• **Exercise input**:

====

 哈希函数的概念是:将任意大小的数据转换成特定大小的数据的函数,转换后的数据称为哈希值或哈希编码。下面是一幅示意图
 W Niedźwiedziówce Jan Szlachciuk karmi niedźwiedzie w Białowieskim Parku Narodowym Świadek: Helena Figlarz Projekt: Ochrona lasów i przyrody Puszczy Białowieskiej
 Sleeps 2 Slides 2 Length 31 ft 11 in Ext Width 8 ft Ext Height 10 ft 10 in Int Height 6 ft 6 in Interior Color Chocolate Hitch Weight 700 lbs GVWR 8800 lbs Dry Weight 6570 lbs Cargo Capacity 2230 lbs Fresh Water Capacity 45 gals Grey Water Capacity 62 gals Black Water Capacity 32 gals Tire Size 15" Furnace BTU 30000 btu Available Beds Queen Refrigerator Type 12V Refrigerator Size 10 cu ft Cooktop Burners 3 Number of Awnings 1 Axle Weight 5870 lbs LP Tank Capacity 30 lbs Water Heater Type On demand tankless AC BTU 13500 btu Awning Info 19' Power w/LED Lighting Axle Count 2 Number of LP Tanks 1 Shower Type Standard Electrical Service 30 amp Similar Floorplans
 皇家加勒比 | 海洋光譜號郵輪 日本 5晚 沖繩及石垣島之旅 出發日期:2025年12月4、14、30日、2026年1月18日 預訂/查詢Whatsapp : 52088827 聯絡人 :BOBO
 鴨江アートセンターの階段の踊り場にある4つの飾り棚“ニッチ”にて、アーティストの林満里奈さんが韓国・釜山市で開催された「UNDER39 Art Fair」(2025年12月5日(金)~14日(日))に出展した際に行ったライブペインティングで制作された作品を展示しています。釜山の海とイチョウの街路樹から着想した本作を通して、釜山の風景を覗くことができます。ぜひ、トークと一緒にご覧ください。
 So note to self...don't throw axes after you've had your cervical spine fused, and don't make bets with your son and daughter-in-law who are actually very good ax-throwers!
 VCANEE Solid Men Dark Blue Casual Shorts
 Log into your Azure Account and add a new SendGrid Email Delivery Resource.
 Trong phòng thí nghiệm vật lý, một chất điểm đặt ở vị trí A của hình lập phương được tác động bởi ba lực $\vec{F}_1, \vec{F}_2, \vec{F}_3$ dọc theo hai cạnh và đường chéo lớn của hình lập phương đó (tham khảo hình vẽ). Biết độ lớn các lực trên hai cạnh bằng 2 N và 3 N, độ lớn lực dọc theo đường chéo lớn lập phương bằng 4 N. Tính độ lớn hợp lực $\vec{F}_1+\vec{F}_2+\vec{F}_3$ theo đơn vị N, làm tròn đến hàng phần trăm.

====

• **What is needed**: Will you return exactly the lines above from the one with "W Niedźwiedziówce Jan" down to the one with "Log into your", counting both as part of the range?

• **Answer**:
 W Niedźwiedziówce Jan Szlachciuk karmi niedźwiedzie w Białowieskim Parku Narodowym Świadek: Helena Figlarz Projekt: Ochrona lasów i przyrody Puszczy Białowieskiej
 Sleeps 2 Slides 2 Length 31 ft 11 in Ext Width 8 ft Ext Height 10 ft 10 in Int Height 6 ft 6 in Interior Color Chocolate Hitch Weight 700 lbs GVWR 8800 lbs Dry Weight 6570 lbs Cargo Capacity 2230 lbs Fresh Water Capacity 45 gals Grey Water Capacity 62 gals Black Water Capacity 32 gals Tire Size 15" Furnace BTU 30000 btu Available Beds Queen Refrigerator Type 12V Refrigerator Size 10 cu ft Cooktop Burners 3 Number of Awnings 1 Axle Weight 5870 lbs LP Tank Capacity 30 lbs Water Heater Type On demand tankless AC BTU 13500 btu Awning Info 19' Power w/LED Lighting Axle Count 2 Number of LP Tanks 1 Shower Type Standard Electrical Service 30 amp Similar Floorplans
 皇家加勒比 | 海洋光譜號郵輪 日本 5晚 沖繩及石垣島之旅 出發日期:2025年12月4、14、30日、2026年1月18日 預訂/查詢Whatsapp : 52088827 聯絡人 :BOBO
 鴨江アートセンターの階段の踊り場にある4つの飾り棚“ニッチ”にて、アーティストの林満里奈さんが韓国・釜山市で開催された「UNDER39 Art Fair」(2025年12月5日(金)~14日(日))に出展した際に行ったライブペインティングで制作された作品を展示しています。釜山の海とイチョウの街路樹から着想した本作を通して、釜山の風景を覗くことができます。ぜひ、トークと一緒にご覧ください。
 So note to self...don't throw axes after you've had your cervical spine fused, and don't make bets with your son and daughter-in-law who are actually very good ax-throwers!
 VCANEE Solid Men Dark Blue Casual Shorts
 Log into your Azure Account and add a new SendGrid Email Delivery Resource.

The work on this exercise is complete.